Props are important too and they can make your pictures so much fun! (ie. see the pink balloons in the above shot...I loved this splash of colour against the fairly colourless background. I also doubled up on this colour with a little pink flower in her hair) Sometimes props are something small like this little bunch of flowers in the girls hands...
...or this ice cream....
..or they can be floaty, like this balloon.
Props can also be really big too....
This is Ruby, my horse, and she isn't technically a prop...but then in a way she is! In the next two shots I used flowers, typical with a bride, but the first one I have them just hanging loosely at her side (rather than held like a bride would hold a posy as she walked down the aisle), and in the second shot I have placed them next to her on the hay bale to break up the blandness of the background. There is no right or wrong. You just simply play around until it looks right!
Before I even take my photos I have in mind what they are going to look like. From what the model is wearing, how her hair might look, if she has any props and also where I want her standing/sitting etc. The start of this process begins because I know exactly where I want the photos taken. For example, the photos I took in Wakool I had been driving past certain spots on the farm for ages and knew this was where I wanted to take photos. Examples of locations that I wanted to include were this paddock (I loved the crop)....
I also liked this fence...
...and I just had to make use of this old truck!

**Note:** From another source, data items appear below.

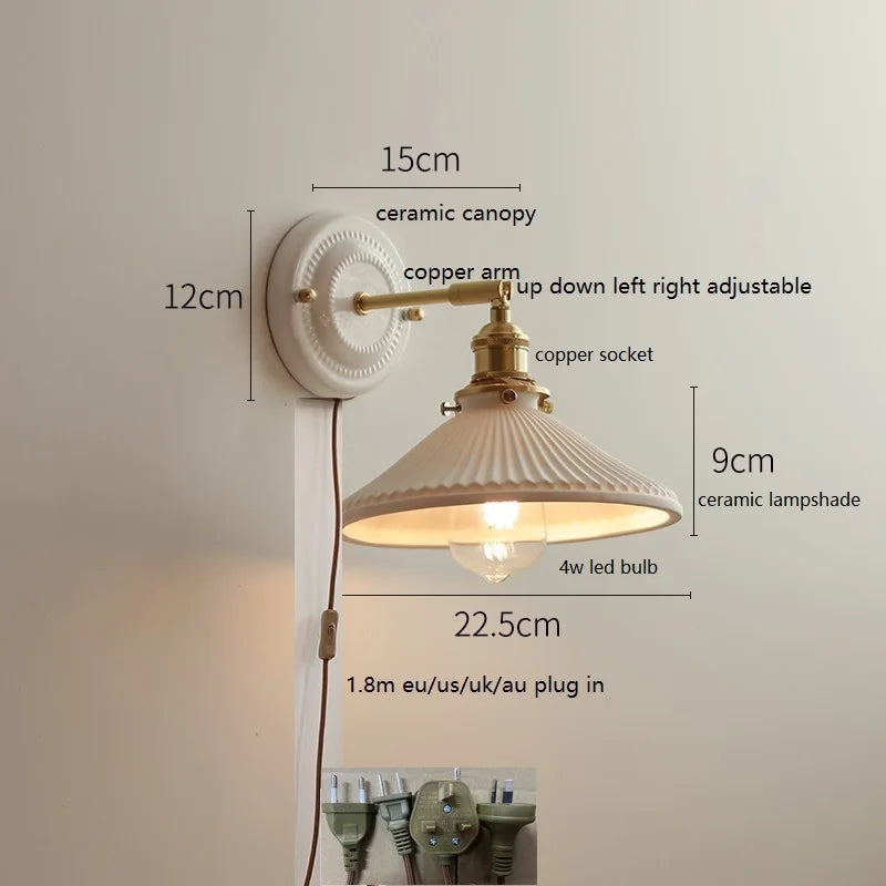 Illuminate your kitchen, dining room, bedroom, foyer, study, or bathroom with this sleek wall sconce. The body of the sconce is made of premium copper, giving it durability and a luxurious look. The ceramic lampshade can be adjusted up, down, left, and right, allowing you to direct the light exactly where you need it.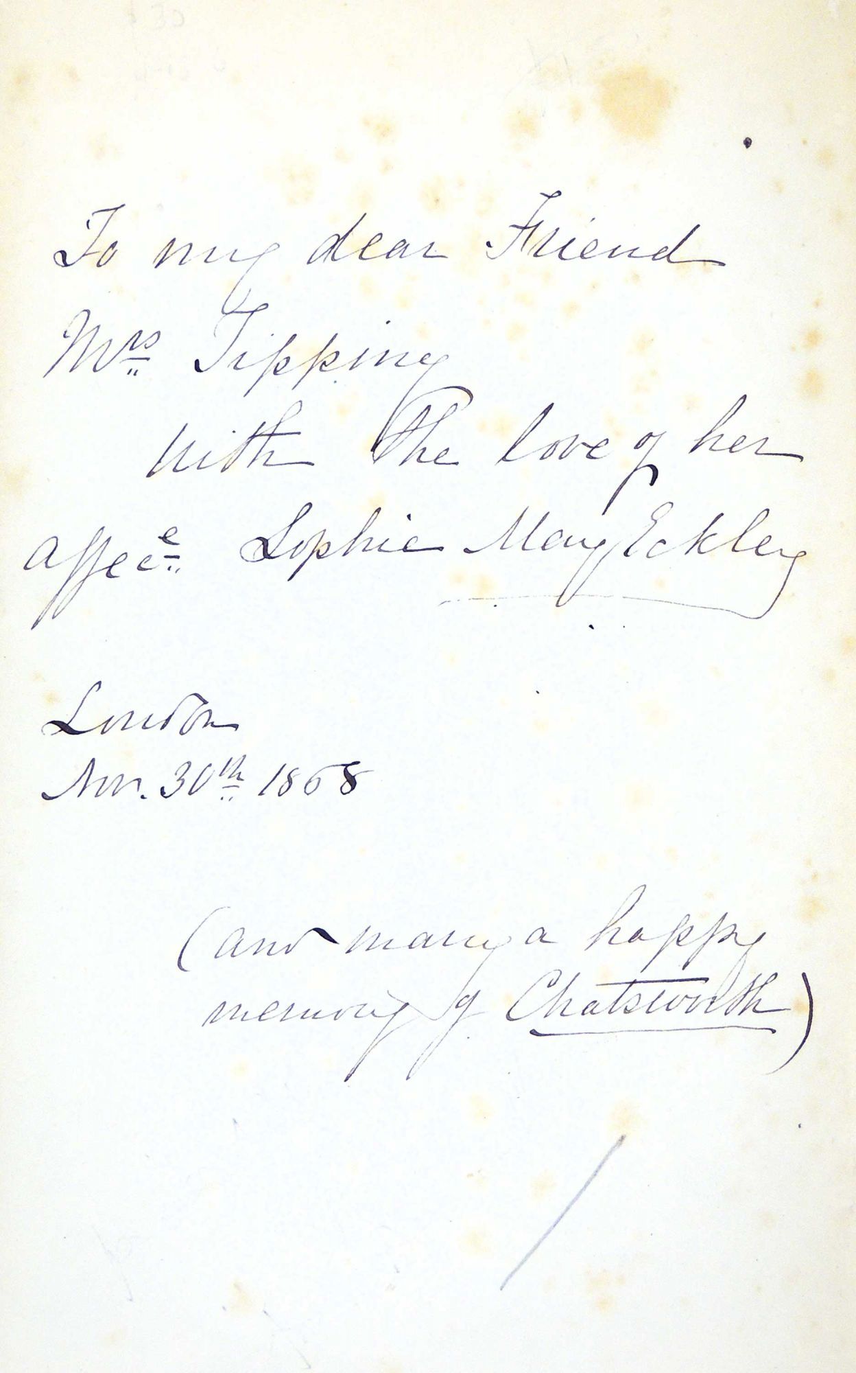 London: Bell and Daldy, 1869. Hardcover. Very Good. Hardcover. Presentation Copy. Inscribed "To my dear Friend Mrs. Tipping with the love of her affec[tionate] Sophie May Eckley. London Nov. 30th 1868 (and many a happy memory of Chatsworth). Eckley (1823 - 1874) was a wealthy American lady who became an intimate friend with Elizabeth Barrett Browning during a chance meeting in Italy. They had a falling out several years later, but much of their relationship is detailed in "The Brownings Correspondence." She authored several books including travelogues and poetry. This poetry collection includes poems on dreams, hymns, churches, flowers, Fontainbleau, memory, gardens, Handel, Alpine adventures, angels, art, and more.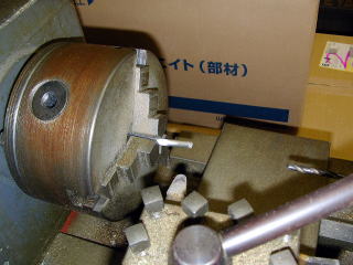 さて旋盤を使いましょうと思ったところ、モータが逆回りしている。3相なので端子をつなぎ換えて正転させた。刃物台についたバイトを見ると、買ったままの状態で全く研いでいなかった。それでも周りには多少キリコがでているので、これで削ったのかな。きっとほとんど削れなかったのだろうな。(さて、前回旋盤を使ったのはどなたなんでしょう。ひょっとすると買ってからほとんど使わずの状態だったのかも・・・)。考えてみると、この部屋は5年前に新築したんだった。そのときにつなぎ方を間違えたんでしょう。おそらくこの5年間は全く使わなかったんだろうな。しかし、研いでいないバイトで削ったのはその前のことでしょう。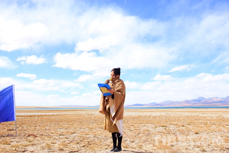 中國西藏網(wǎng)訊 10月13日,懷揣著對“詩和遠方”的憧憬,2019西藏首屆詩歌節(jié)活動組一行抵達阿里地區(qū)改則縣境內(nèi)。當(dāng)日下午,在美麗的洞措湖邊,在藍天白云和牦牛的陪伴下,“行走中的詩歌節(jié)”進行了詩朗誦活動。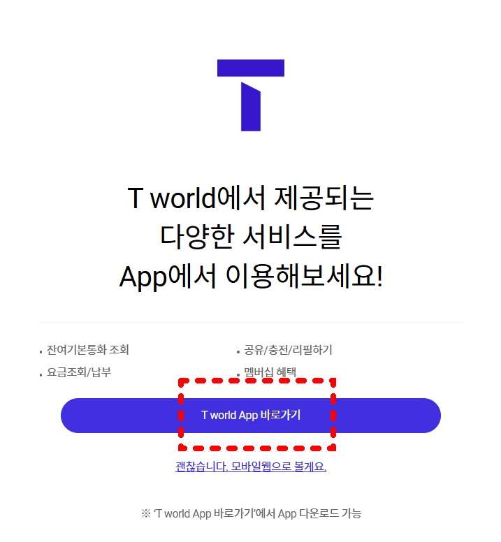 여기를 눌러 T world로 이동하세요.
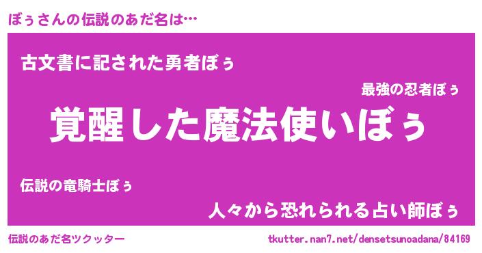 | ヒーロー風カッコイイあだ名 | 『天弓騎士ボゥ』『ネオボゥ』 |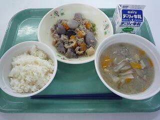 麦ご飯 里いものそぼろ煮 豚汁 牛乳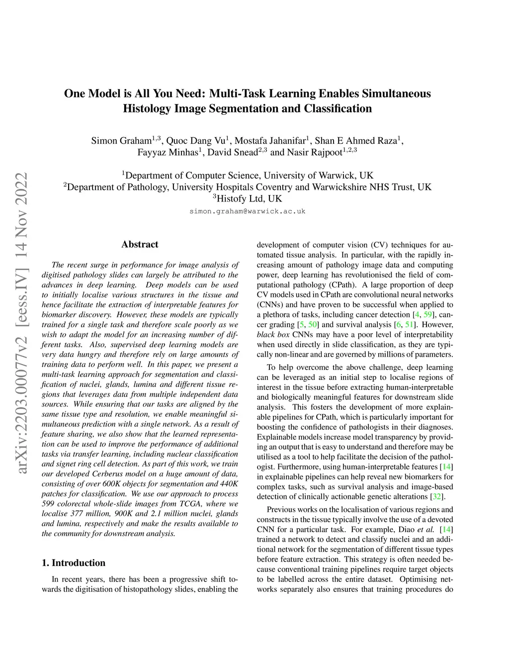 The recent surge in performance for image analysis of digitised pathology slides can largely be attributed to the advances in deep learning. Deep models can be used to initially localise various structures in the tissue and hence facilitate the extraction of interpretable features for biomarker discovery. However, these models are typically trained for a single task and therefore scale poorly as we wish to adapt the model for an increasing number of different tasks. Also, supervised deep learning models are very data hungry and therefore rely on large amounts of training data to perform well. In this paper, we present a multi-task learning approach for segmentation and classification of nuclei, glands, lumina and different tissue regions that leverages data from multiple independent data sources. While ensuring that our tasks are aligned by the same tissue type and resolution, we enable meaningful simultaneous prediction with a single network. As a result of feature sharing, we also show that the learned representation can be used to improve the performance of additional tasks via transfer learning, including nuclear classification and signet ring cell detection. As part of this work, we train our developed Cerberus model on a huge amount of data, consisting of over 600K objects for segmentation and 440K patches for classification. We use our approach to process 599 colorectal whole-slide images from TCGA, where we localise 377 million, 900K and 2.1 million nuclei, glands and lumina, respectively and make the results available to the community for downstream analysis.
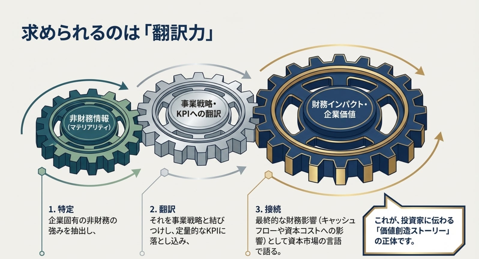 2026年3月、GPIFは国内株式運用機関が選ぶ「マテリアリティの観点から優れたサステナビリティ開示」を公表し、投資家が高く評価する開示の方向性を示しました。そこでは、単なるESG情報の網羅ではなく、企業固有の重要課題が、事業戦略、KPI、財務影響、価値創造ストーリーへと接続されているかが重要なポイントとなっています。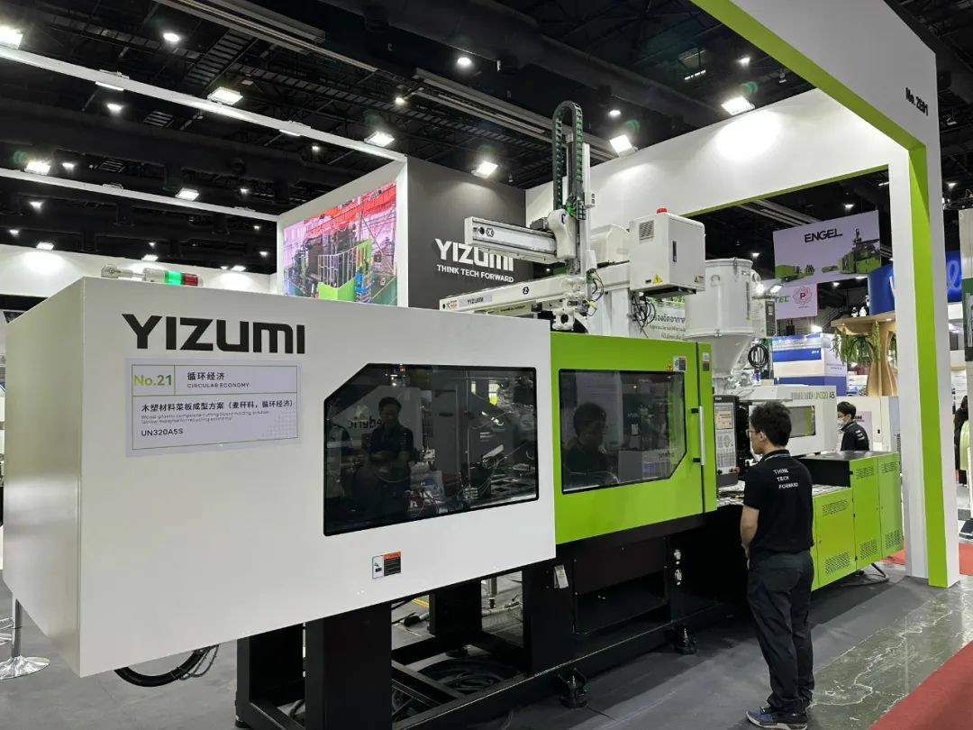展会上,伊之密运用UN320A5、 PAC200E两款注塑机,现场生产菜板、贴标小圆碗。其中,木塑材料菜板成型方案采用木塑专用塑化组件,生产菜板等日用品,节约塑料用量,实现废物再生利用,实现低碳绿色生产。伊之密高效而稳定的机器性能吸引大量专业顾客的关注与咨询。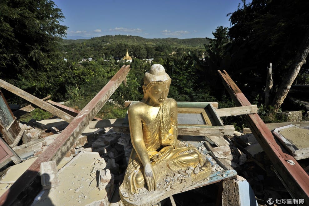 曼德勒省一處佛寺,淺層地震讓當地許多房舍嚴重倒塌。圖片來源:Kaung Htet/Getty Images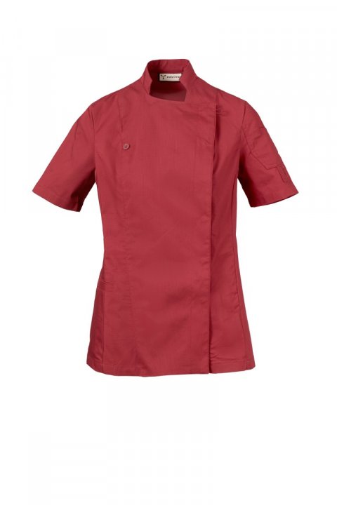 Kuvarska jakna s korejskim okovratnikom, izrađena od nepoderivog pamučnog materijala i materijala Lycra® T400®, s izvrsnim elastičnim i prozračnim svojstvima i s udobnom mrežastom tkaninom na leđima kako bi se povećala prozračnost. Dvostruko kopčanje dugmadima, preklopom i pričvršćivanjem na grudima pomoću vidljivog kopčanja dugmadima, što stvara efekat krojačkog revera i inovativnog V-izreza. Kratki rukav s porubom. Zakrpa u obliku ikone na lijevom ramenu, s izvezenim spiralama u nijansi, opremljena džepom za olovke. Praktičan džep za pametni telefon u struku.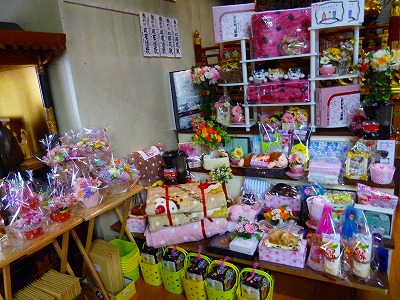 お堂の神殿半分は、こうして景品で埋まっております~(^o^)/

If you look you will find dozens of great locations! They are literally everywhere, even the most unlikely places make great locations. I suggest next time you go for a walk or a drive just imagine putting someone in an evening gown or a pretty dress in that very location.
Now this is not my area of expertise at all, I'm certainly not a stylist, but I did come up with the outfits in these shots, and I had my choice of wedding gowns, and these decisions of what gown to go for were based on the location of the shot and what prop I was using, so perhaps I have a bit of an eye for it. This is certain a fun aspect of it but I have found that everything works together, you need to think about the photograph as a 'whole'. By that I mean you need to think about the location, the prop, the hair, the background and the outfit all at the same time.
I really liked this dress in this run-down little house!
I also really liked the colours behind her with the simple black and white that she is wearing.
Hair and Makeup
Now this isn't my department at all but what I have found is that it makes your job that much easier if you have a professional hair and makeup person handling all of this for you! If you happen to be skilled in this area yourself then I guess you will save on paying a professional (unless you have a friend to help), but it is one less thing you have to worry about if someone can do it for you.
Close-ups and Posing
Another thing I am conscious of is making sure I take a few close-up shots of my model. I like to offer fashion style portraits as part of my photography service, so that anyone who wants portraits done can have a different look, rather than just the boring old shots in a studio with a white background, (although these do look lovely too!). I like to take them out on location where they can act like a model for a day. I also think about what poses are going to be flattering.
Lighting is, of course, a huge subject in itself, but remember where your source of lighting is, which is generally the sun when doing these types of photos. Sometimes you can be a bit creative with it, like this shot taken in a shearing shed...
The light was coming through a skylight above.
This is all a part of composition, but you can capture the attention of those looking at your shots by leading them into the photo. For example using a road...
..or have them look further in to it by using something like a railway line.
Anyway, I am certainly no expert but these are just some of the things I consider when I am taking these types of photos. I hope it has been helpful! I will do some more posts on other types of photography in the coming weeks!